Community sharing of best practices, whether through open-data repositories or lab group forums, contributes as well. I’ve benefited from online notes and preprints documenting quirks in purification or storage. Transparency on real-world challenges helps researchers sidestep common missteps.
My time in various labs has taught me that any powerful molecule’s reputation stands only as strong as the community’s experience with it. The lessons drawn from hundreds of benchtop trials—a missed yield here, an unexpected side product there—give texture to what looks simple on a formula sheet. 2-Ethynylpyridine isn’t just another chemical sitting on a supply list. It’s a lever, offering chemists access to reactivity that shapes ideas and unlocks tougher challenges. Each year, as synthetic needs grow more demanding, compounds with this blend of straightforward handling and creative power will stay relevant, if not essential.

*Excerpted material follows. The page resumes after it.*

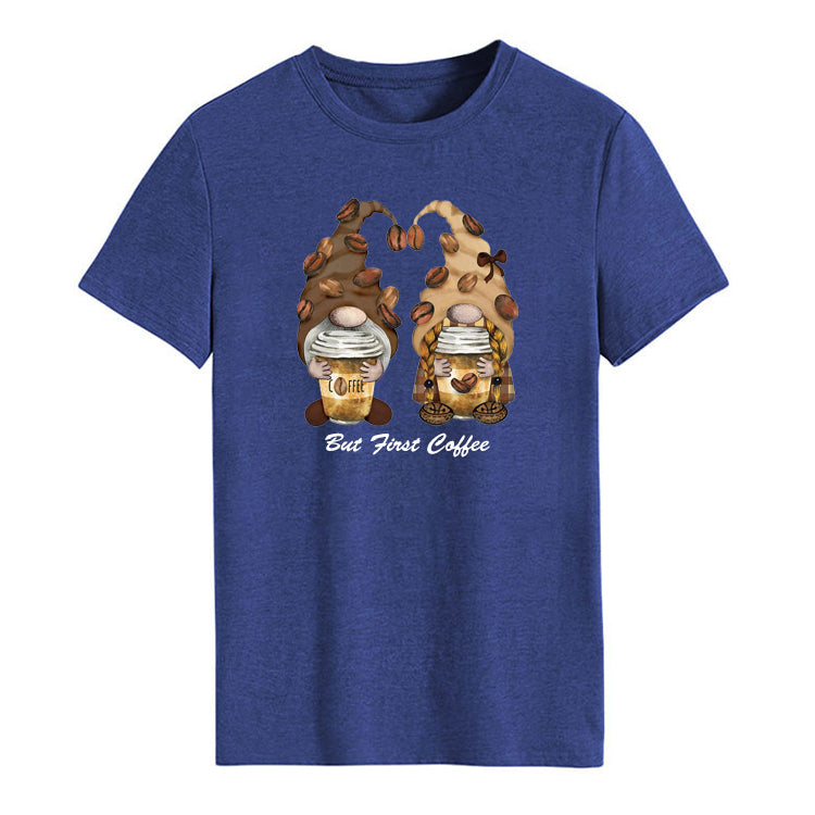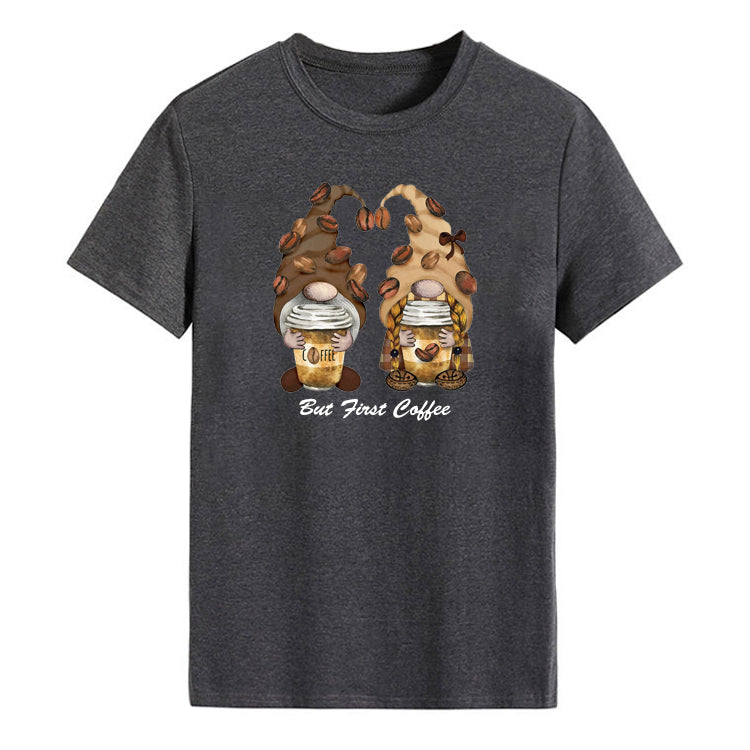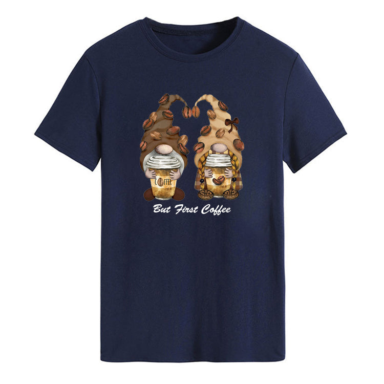 Personalized Custom Coffee Gnome Couple Spring Summer Unisex T-shirt

For large and small labs chasing yield, innovation, or new functions, the best path forward begins with understanding both the chemistry and the practice: how structure dictates use, why purity and process shape outcomes, and where careful handling protects both safety and investment. As the synthetic toolkit keeps expanding, I expect 2-ethynylpyridine to keep proving its worth—not through bold claims, but by quietly enabling the work researchers want to see finished.